1Gallatin enclosed two letters he had received from Henry A. S. Dearborn, collector at Boston, dated 22 and 23 Feb. 1813. In the first (2 pp.), Dearborn reported that he had taken possession of a “Schooner under Swedish Collours which had cleared & sailed for Fayal,” but whose papers, discovered hidden in a jug due to a tip from Elijah Mix, contained a “Passport or Licence from Sir John Sheirbrook to be inforced for two months giving permission for the importation of provisions … from the U.S. into the Ports of Lower Canada, New Brunswick & St Johns.” Further information found on the ship enabled Dearborn to seize, in addition, a brig “laden in port with a full Cargo of Provisions for Halifax.” These discoveries, Dearborn wrote, had made him aware of “a series of outrages upon our laws, which has been carried to a great extent and was to be continued and increased.” The second letter (1 p.) covered copies of the documents found aboard the schooner, and recommended Mix, who was to deliver them, as “an active and intelligent man … capable of doing much for the discovery of such illegal transactions” (Papers of Gallatin [microfilm ed.], reel 26).
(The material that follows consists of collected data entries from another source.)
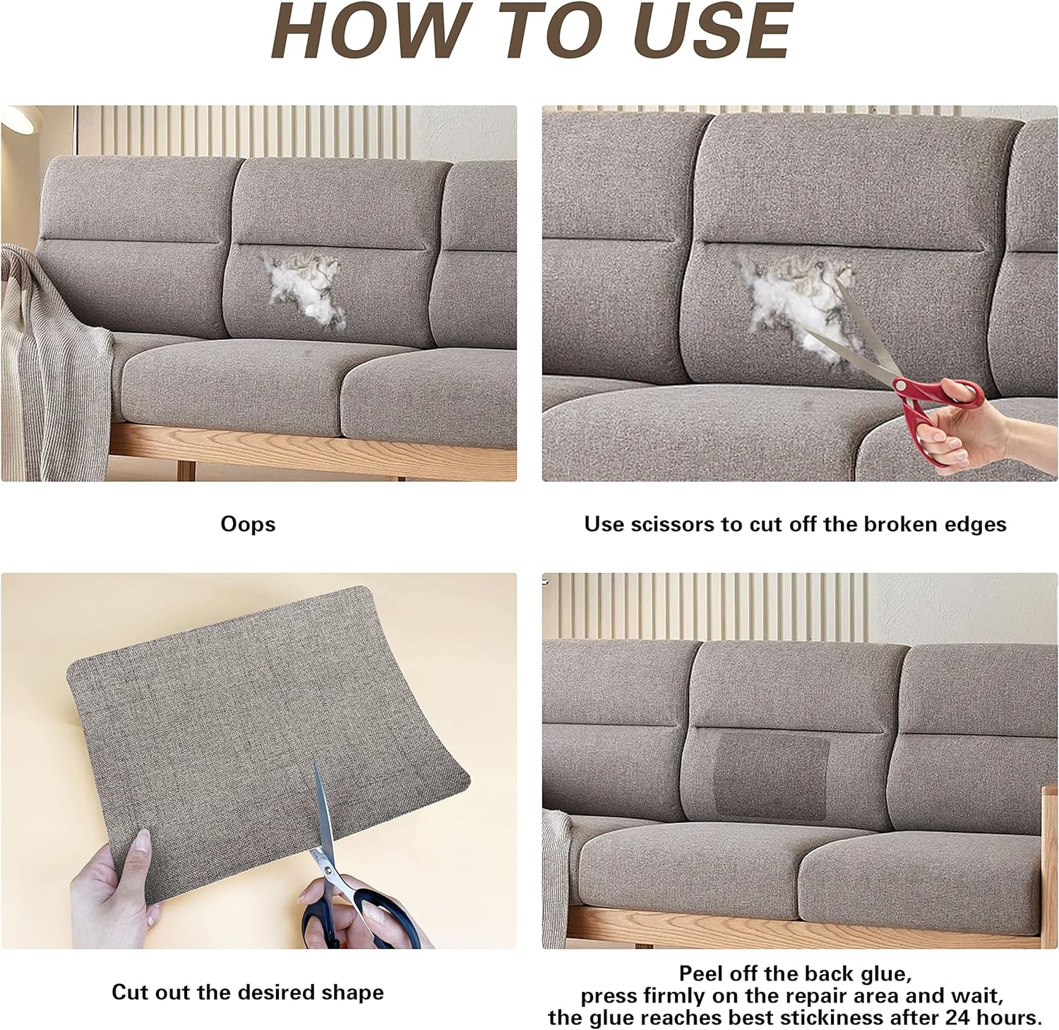 - Product quality: Coarse linen patch with strong adhesive. No glue residue, adheres perfectly in seconds. Enhanced version with increased glue, press firmly onto broken parts. Linen is durable, non-pilling, non-fading, non-shrinking, and suitable for all seasons.
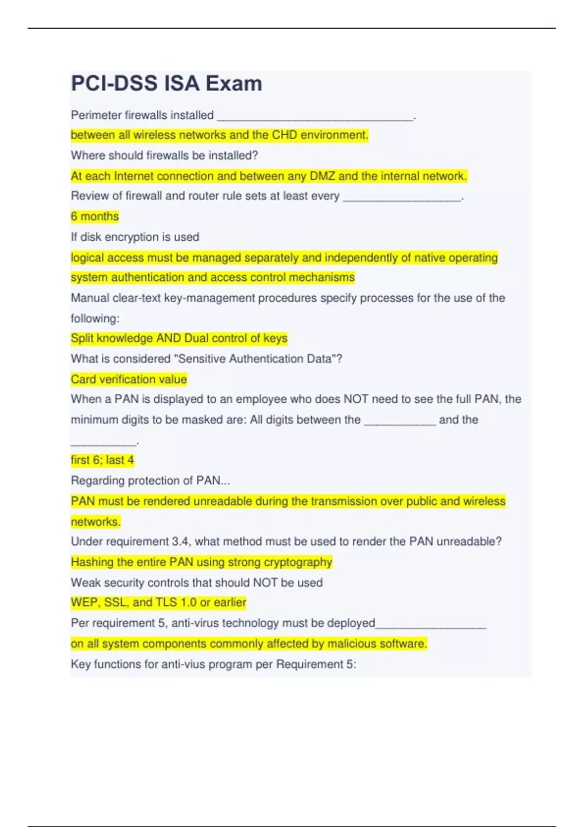 PCI-DSS ISA Exam Perimeter firewalls installed ______________________________. between all wireless networks and the CHD environment. Where should firewalls be installed? At each Internet connection and between any DMZ and the internal network. Review of firewall and router rule sets at least every __________________. 6 months If disk encryption is used logical access must be managed separately and independently of native operating system authentication and access control mechanisms Manual clear-text key-management procedures specify processes for the use of the following: Split knowledge AND Dual control of keys What is considered "Sensitive Authentication Data"? Card verification value When a PAN is displayed to an employee who does NOT need to see the full PAN, the minimum digits to be masked are: All digits between the ___________ and the __________. first 6; last 4 Regarding protection of PAN... PAN must be rendered unreadable during the transmission over public and wireless networks. Under requirement 3.4, what method must be used to render the PAN unreadable? Hashing the entire PAN using strong cryptography Weak security controls that should NOT be used WEP, SSL, and TLS 1.0 or earlier Per requirement 5, anti-virus technology must be deployed_________________ on all system components commonly affected by malicious software.
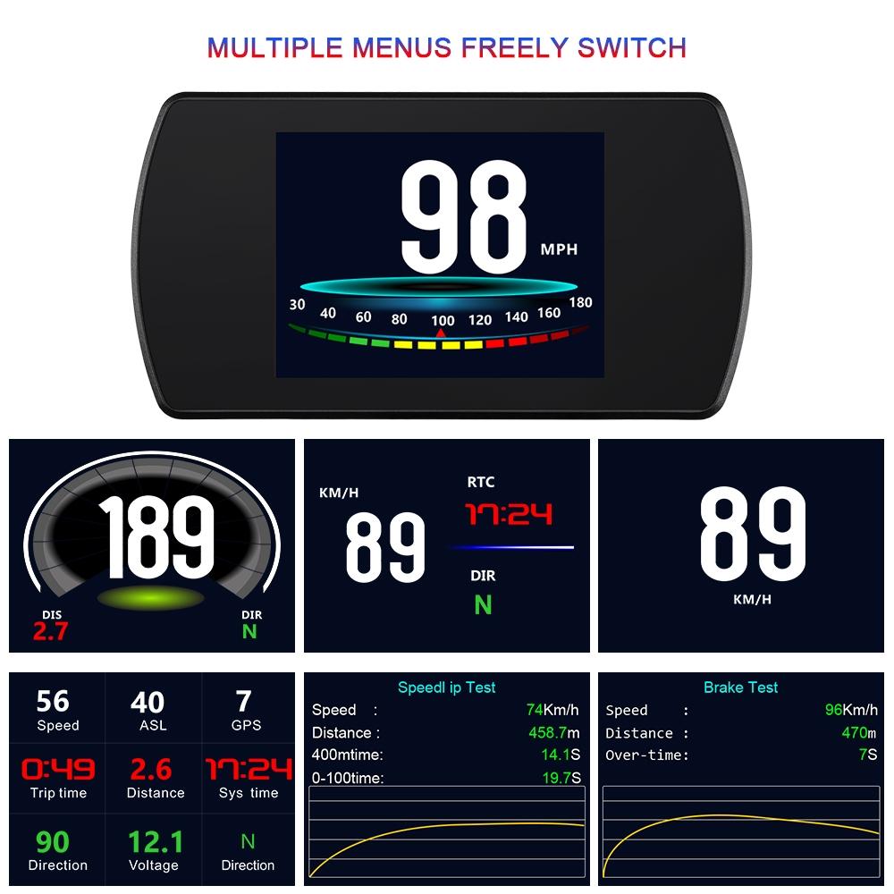 • Rich contents: driving speed, voltage, single driving distance, driving time, over speed alarm, switch between kilometers and miles
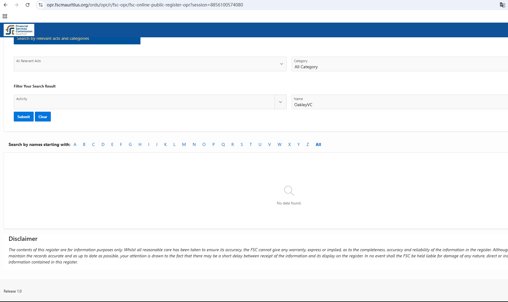According to its website, its office address is located in Maori-kyushu. A search revealed no matching information in the Mauritius Financial Services Commission (FSC). In addition, the Australian Securities & Investments Commission (ASIC) issued a warning against OakleyVC, believing this company might be providing financial services or products without proper authorization.
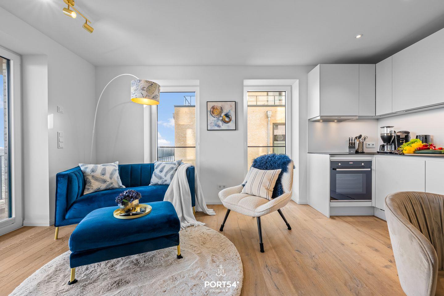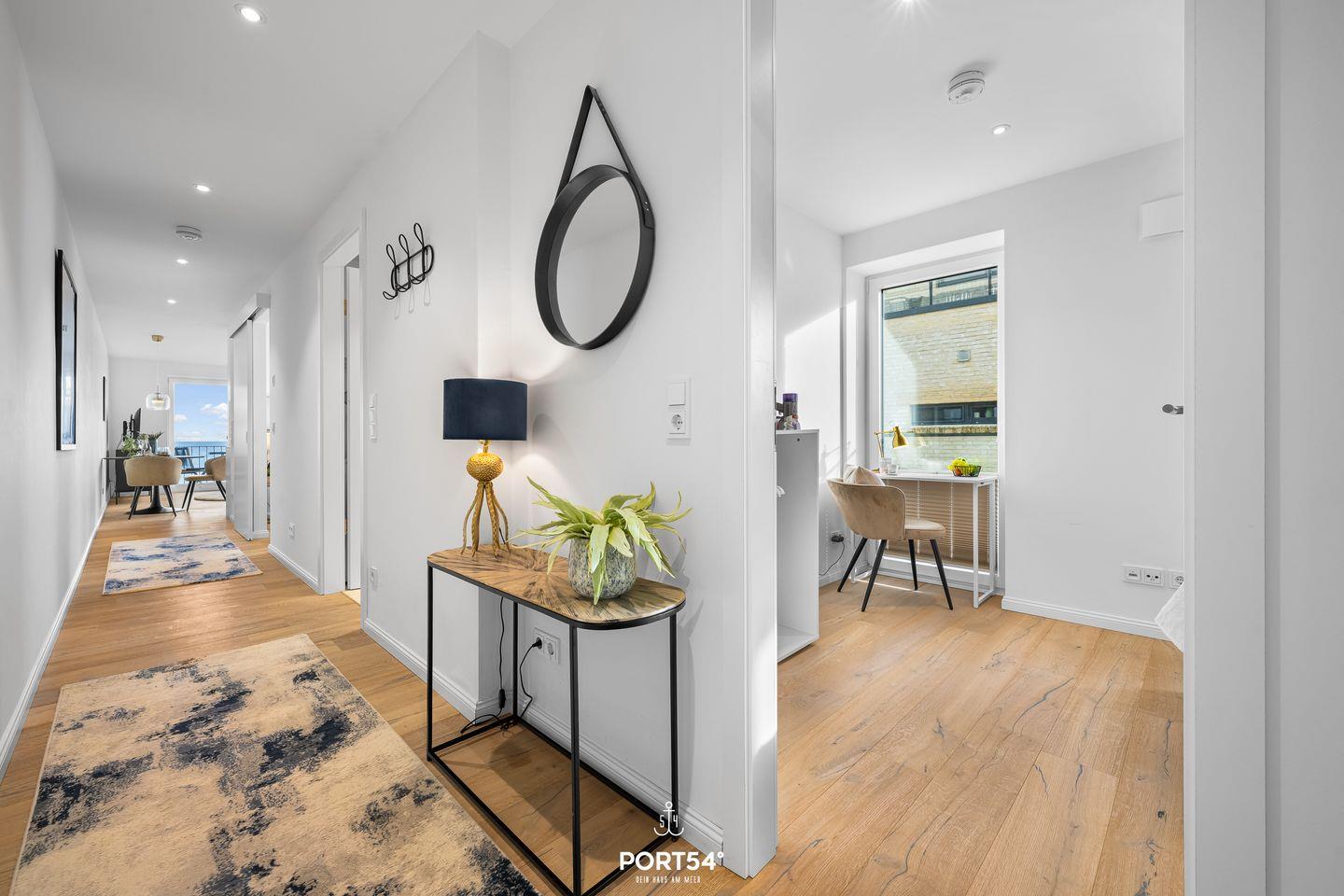 Exklusives Apartment mit Meerblick, Sauna, 2 Balkone und E-Ladestation in erster Reihe am Wasser.
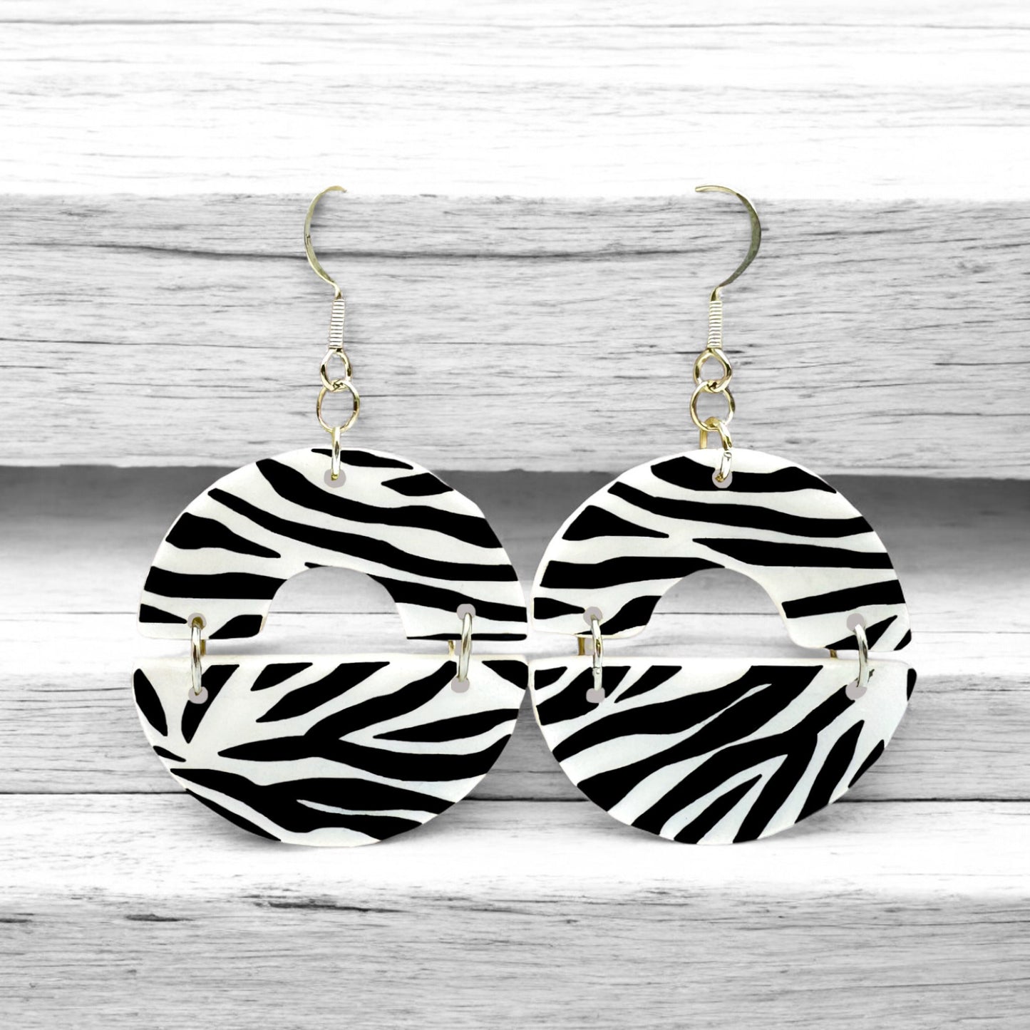 Zebra Monochrome Medium Joined Semi Circles Earrings
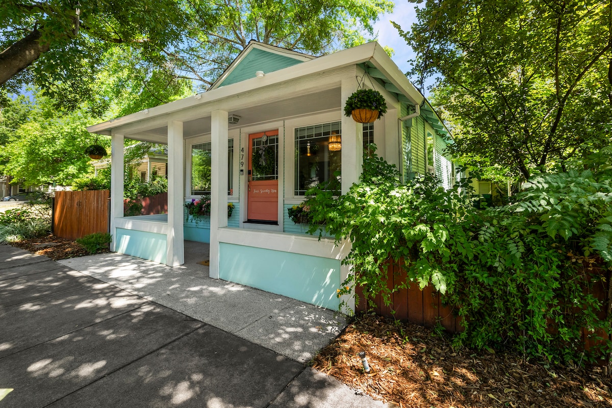 This special place is close to everything, making it easy to plan your visit. Located 1 block from Main St on the parade route and 1 block from the summer Farmer’s Market, this upstairs unit is located in a building that was built in 1906 as evidenced by its high ceilings and unique trim. New kitchen, new bathroom, new paint, new flooring, and new furniture and decor by local business Amazing Finds. Earplugs are provided because you might hear the bustle of downtown and the train 5 blocks away.
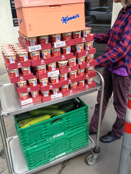 Vor wenigen Tagen holten wir eine beträchtliche Joghurt-Spende von der Firma Nöm AG. Die circa 2.500 abgeholten Joghurts, waren dann unter anderem in unserem kleinen eigenen ‚Gratis Lebensmittelmarkt‘ FAIRfügbar, welcher sich in unserem Vereinszentrum befindet und öffentlich zugänglich ist.

2Enclosure not found. Mix’s previous attempts to obtain the patronage of the federal government included letters to James Monroe of 12 and 28 Oct. 1812, in which he offered to transport British prisoners to England or Halifax and to operate a cartel out of New York. The second letter enclosed a copy of a certificate dated 11 Aug. 1812 and signed by British vice admiral Herbert Sawyer, granting Mix safe passage from Halifax to Boston and permission to transport “a Cargo of Flour and other dry provisions and Naval Stores” from “an American port to Halifax” (DNA: RG 59, ML). In the spring of 1813, Mix claimed compensation not only for having informed on the Boston licensed traders, but also for having caused the British ship Emulous, on which he had been a prisoner, to run aground off Ragged Island, Nova Scotia, on 2 Aug. 1812. On the basis of these claims, Mix wrote Monroe on 7 Mar. 1813 requesting a letter of introduction to Richard Riker, a prominent New York Republican, and Monroe indicated that the request would be granted (DNA: RG 59, ML). In addition, the Navy Department supported Mix’s efforts to torpedo British ships in the spring and summer of 1813 (Hamlin, Latrobe, 390–91; Dudley, Naval War of 1812, 2:354–56).